[DATA SECTION]:
******
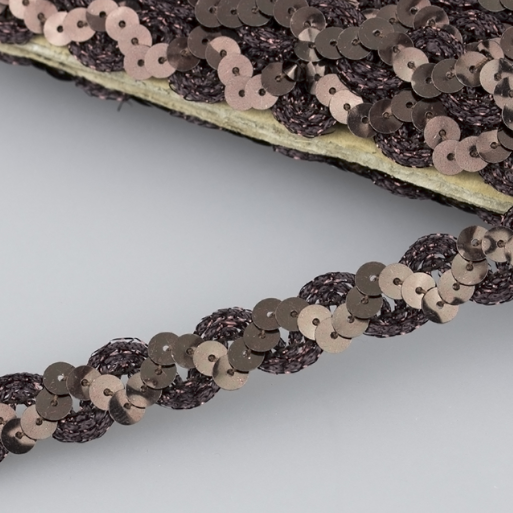 Тесьма с пайетками 6803-2 темно-коричневый (50 ярд.)
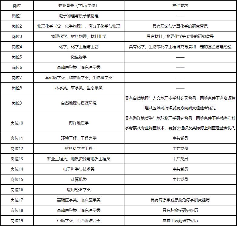 (二)以上岗位不招收应届毕业生。凡与国家自然科学基金委员会机关和直属单位工作人员及离退休人员有夫妻关系、直系血亲关系、三代以内旁系血亲或近姻亲关系的,不得应聘。
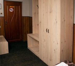 1 полутороспальная кровать, 1 двуспальная кровать стол, тумба, телевизор, душ, санузел, телефон
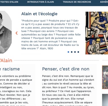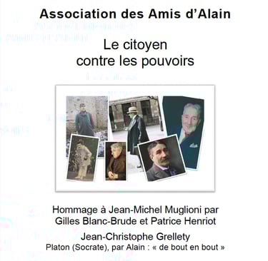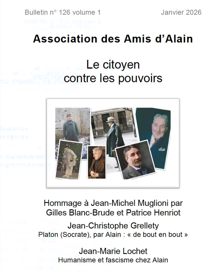Elle incite à la lecture, relecture, des oeuvres et des textes de ce professeur de Philosophie, devenu, par son travail, "philosophe". Formé par des écoles de la IIIème République, le jeune élève a beaucoup travaillé, comme l'école le lui demandait, avant de commencer un travail personnel, là où d'autres se sont contentés de produire des cours. Les évènements, les structures de son époque, furent tels qu'il ne lui a pas paru possible de se taire. Alain a donc beaucoup écrit, parlé, publiquement. Son engagement contre le militarisme, pour la paix, n'était pas plus facile qu'il ne l'est maintenant - mais au moins, à son époque, des armes d'extermination des peuples et du vivant n'existaient pas, et si elles avaient déjà existé, son engagement n'en aurait été que plus fort et radical. Hélas, à notre époque, tant se soumettent à la force des armes, qu'il ne faut pas confondre avec une "loi" humaine, digne de ce nom. Elles permettent à n'importe quel capricieux, sanguin, de décider de la mort de tant d'êtres humains, au motif de son bon plaisir et d'une prétendue "nécessité". Pour construire sa pensée, Alain a beaucoup lu, et notamment Platon. C'est ce qui a conduit à la rédaction et à la publication de ce texte, dans le bulletin de l'association.
******
[EXERCISE DETAILS]: Retype the listing exactly. Pictures do not belong in the copy.

[FINISHED EXERCISE]:
 Тесьма с пайетками 6803-2 темно-коричневый (50 ярд.)
 (二)以上岗位不招收应届毕业生。凡与国家自然科学基金委员会机关和直属单位工作人员及离退休人员有夫妻关系、直系血亲关系、三代以内旁系血亲或近姻亲关系的,不得应聘。
 1 полутороспальная кровать, 1 двуспальная кровать стол, тумба, телевизор, душ, санузел, телефон
Elle incite à la lecture, relecture, des oeuvres et des textes de ce professeur de Philosophie, devenu, par son travail, "philosophe". Formé par des écoles de la IIIème République, le jeune élève a beaucoup travaillé, comme l'école le lui demandait, avant de commencer un travail personnel, là où d'autres se sont contentés de produire des cours. Les évènements, les structures de son époque, furent tels qu'il ne lui a pas paru possible de se taire. Alain a donc beaucoup écrit, parlé, publiquement. Son engagement contre le militarisme, pour la paix, n'était pas plus facile qu'il ne l'est maintenant - mais au moins, à son époque, des armes d'extermination des peuples et du vivant n'existaient pas, et si elles avaient déjà existé, son engagement n'en aurait été que plus fort et radical. Hélas, à notre époque, tant se soumettent à la force des armes, qu'il ne faut pas confondre avec une "loi" humaine, digne de ce nom. Elles permettent à n'importe quel capricieux, sanguin, de décider de la mort de tant d'êtres humains, au motif de son bon plaisir et d'une prétendue "nécessité". Pour construire sa pensée, Alain a beaucoup lu, et notamment Platon. C'est ce qui a conduit à la rédaction et à la publication de ce texte, dans le bulletin de l'association.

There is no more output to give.